Diskumpon Nipon, Ularnkul Busabong, Srivilaithon Winchana, Phungoen Pariwat, Daorattanachai Kiattichai
Department of emergency medicine, Faculty of medicine, Thammasat University, Pathum Thani, Thailand.
Department of emergency medicine, Faculty of medicine, Khon Kaen University, Khon Kaen, Thailand.
Arch Acad Emerg Med. 2025 Jan 12;13(1):e24. doi: 10.22037/aaemj.v13i1.2407. eCollection 2025.
The National Early Warning Score (NEWS) is commonly used to identify patients at high mortality risk. However, it has notable limitations. In this study, to enhance the accuracy, we revised it and evaluated the performance of modified NEWS (MNEWS) in predicting the outcomes of suspected sepsis patients.
This single-center, prospective cohort study was conducted on patients with suspected sepsis to evaluate the accuracy of MNEWS in predicting mortality, survival to discharge, vasopressor requirements, and the need for mechanical ventilation. The MNEWS comprises the NEWS variables plus age, chronic major organ dysfunction, malignancy, functional status, and specific infected organ involvement. Sensitivity, specificity, likelihood ratio (LR), and area under the receiver operating characteristic curve (AUROC) were used to evaluate the performance of the MNEWS in predicting the studied outcomes.
Of the 1,393 patients included in this study, 209 died. Mean MNEWS was significantly higher in non-survivors than survivors (19.8 vs. 14.9, p<0.001). The AUROC of MNEWS in predicting 30-day mortality was 0.82 (95% CI: 0.79-0.85). MNEWS ≥ 18 had the highest accuracy for 30-day mortality prediction with 76.1% sensitivity, 75% specificity, positive LR of 3.13, and AUROC of 0.76 (95% CI: 0.73-0.79). The AUROC of MNEWS ≥18 for predicting survival until discharge, need for vasopressors, and need for mechanical ventilation were 0.75 (95% CI: 0.72-0.78), 0.72 (95% CI: 0.69-0.75), and 0.76 (95% CI: 0.73-0.79), respectively. Additionally, MNEWS ≥18 demonstrated superior predictive performance, compared with NEWS ≥7 and qSOFA ≥2 for various clinical outcomes.
The MNEWS was similar to the NEWS in overall predictive accuracy for 30-day mortality but exhibited a higher predictive accuracy than did the qSOFA score. Notably, MNEWS ≥18 was a significant indicator of 30-day mortality risk, as well as the likelihood of requiring vasopressors, survival to discharge, and 7-day mortality.
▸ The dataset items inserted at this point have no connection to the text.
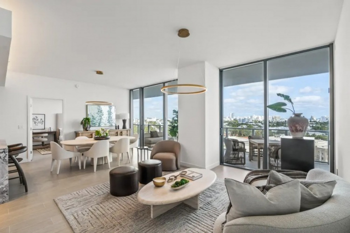 虽然最终成交价尚未公布,但该楼盘中类似的两卧单元价格在200万至300万美元之间。这个公寓面积达1451平方英尺(约135平方米),带有一个448平方英尺(约42平方米)的空中庭院,内部拥有10英尺(约3米)高的挑高天花板、一个专业厨师厨房和一个宽敞的主卧室套房。
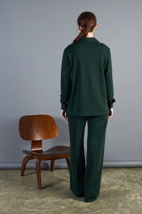 Брюки выполнены из эластичного полотна. Брюки прямого силуэта. Пояс притачной с эластичной резиной. На передней части брюк застрочены стрелки.
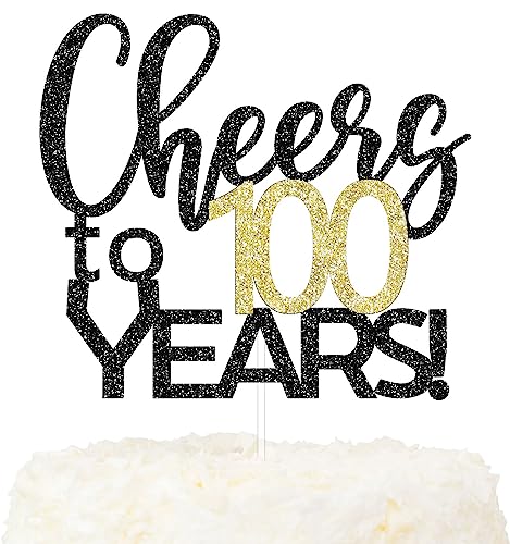 LOVENJOY Cheers to 100 Years Cake Topper for Happy 100th Birthday Anniversary Cake Decorations, Dual-Side Glitter Black and Gold
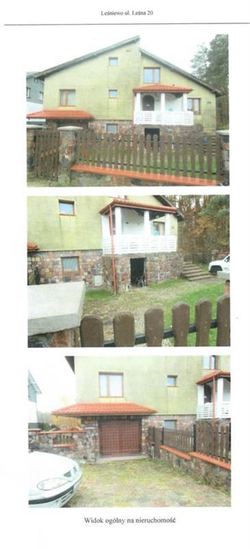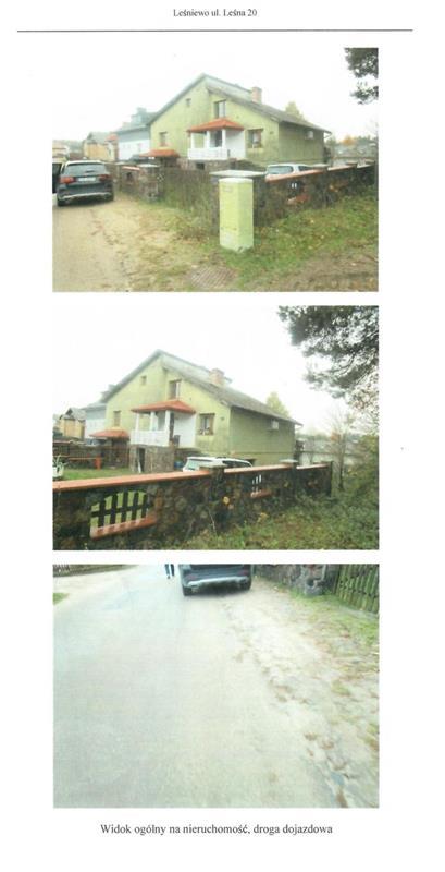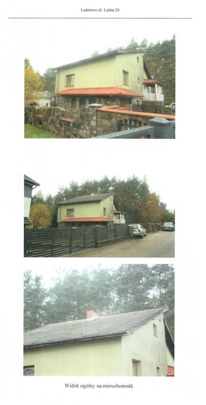 Przedmiotowa nieruchomość położona jest przy ulicy Leśnej 20 w Leśniewie (województwo pomorskie, powiat pucki). Nieruchomość znajduje się w części południowej miejscowości. W najbliższym otoczeniu nieruchomości usytuowane są nieruchomości zabudowane domami mieszkalnymi, las, dalej też działki niezabudowane.Dojazd do nieruchomości drogą asfaltową, gminną – ulicą Leśną. W skład nieruchomości wchodzi działka gruntu o powierzchni 918 m2 zabudowana podpiwniczonym, parterowym z użytkowym poddaszem budynkiem mieszkalnym o powierzchni użytkowej 187,31 m2. Jest to budynek wolnostojący. Działka ma regularny kształt. Teren z nieznacznym spadkiem w kierunku południowym. Działka ogrodzona - od frontu ogrodzenie murowane z kamienia z wypełnieniem i bramą wjazdową z drewna; w części płotem z siatki na słupkach. Budynek został zaprojektowany w technologii tradycyjnej (opis z projektu): ściany zewnętrzne garaż - bloczki gazobetonowe; ściany zewnętrzne poddasze - bloczki gazobetonowe + styropian; ścianki działowe - z cegły pełnej lub dziurawki; stropy DZ-3, strop nad garażem płyta betonowa zbrojona; schody zewnętrzne żelbetowe. Dach docieplony wełną mineralną. Pokrycie dachu stanowi eternit! - tj. materiał azbestowo-cementowy zakazany obecnie do stosowania z uwagi na stwierdzoną szkodliwość włókien azbestu. Materiał taki winien być zdemontowany przez specjalistyczną firmę. Drewniane elementy przy dachu zniszczone. Okna są pcv i drewniane. W dobudowanym z tyłu budynku garażu brak okien i bramy wjazdowej. Brama wjazdowa w garażu w podpiwniczeniu dwuskrzydłowa. Cokół budynku od zewnątrz obłożony kamieniem. Budynek, zgodnie z projektem, wyposażony jest w instalacje: elektryczną, wodno-kanalizacyjną (szambo), grzewczą (prawdopodobnie piec na paliwo stałe- węgiel). Z mapy zasadniczej wynika, iż nieruchomość wyposażona jest w sieci energetyczną, wodociągową. Sieć gazowa i telefoniczna jest w ulicy. Przez działkę wzdłuż jej granicy z dz. 164/2 przebiega sieć energetyczną do sąsiedniej nieruchomości (dz. 506) Parametry budynku – zgodnie z projektem budowlanym: powierzchnia zabudowy:208,45 m2, powierzchnia użytkowa: 187,31 m2 dodatkowo piwnica o powierzchni:136,40 m2 Zgodnie z projektem na poziomie piwnicy znajduje się kotłownia, garaże oraz pomieszczenia gospodarcze. Na parterze, zgodnie z projektem, zlokalizowane są pokoje, garderoba, łazienka, kuchnia, spiżarnia. Na poddaszu, zgodnie z projektem, zaplanowane zostały sypialnia, pokój dzienny, garderoba, łazienka, pomieszczenie gospodarcze. Budynek nie jest obiektem nowym - pozwolenie na budowę wydane w 1982 r., w roku 1993 budynek w części oddany do użytkowania. Stan budynku z zewnątrz nie wskazuje na dokonywanie w nim remontów, dodatkowo dach ma stare pokrycie z eternitu. Na dachu część poszycia porasta mech. Miejscami spoiny w kominie z ubytkami. Tynki zewnętrzne budynku brudne.

国家早期预警评分(NEWS)常用于识别高死亡风险患者。然而,它有显著局限性。在本研究中,为提高准确性,我们对其进行了修订,并评估了改良后的NEWS(MNEWS)对疑似脓毒症患者预后的预测性能。
本单中心前瞻性队列研究针对疑似脓毒症患者开展,以评估MNEWS在预测死亡率、出院存活、血管活性药物需求及机械通气需求方面的准确性。MNEWS包括NEWS变量以及年龄、慢性主要器官功能障碍、恶性肿瘤、功能状态和特定感染器官受累情况。采用灵敏度、特异度、似然比(LR)及受试者工作特征曲线下面积(AUROC)来评估MNEWS在预测所研究预后方面的性能。
本研究纳入的1393例患者中,209例死亡。非存活者的平均MNEWS显著高于存活者(19.8对14.9,p<0.001)。MNEWS预测30天死亡率的AUROC为0.82(95%CI:0.79 - 0.85)。MNEWS≥18对30天死亡率预测的准确性最高,灵敏度为76.1%,特异度为75%,阳性似然比为3.13,AUROC为0.76(95%CI:0.73 - 0.79)。MNEWS≥18预测出院存活、血管活性药物需求及机械通气需求的AUROC分别为0.75(95%CI:0.72 - 0.78)、0.72(95%CI:0.69 - 0.75)和0.76(95%CI:0.73 - 0.79)。此外,与NEWS≥7和qSOFA≥2相比,MNEWS≥18在各种临床结局方面表现出更优的预测性能。
MNEWS在30天死亡率的总体预测准确性方面与NEWS相似,但预测准确性高于qSOFA评分。值得注意的是,MNEWS≥18是30天死亡风险以及血管活性药物需求可能性、出院存活和7天死亡率的重要指标。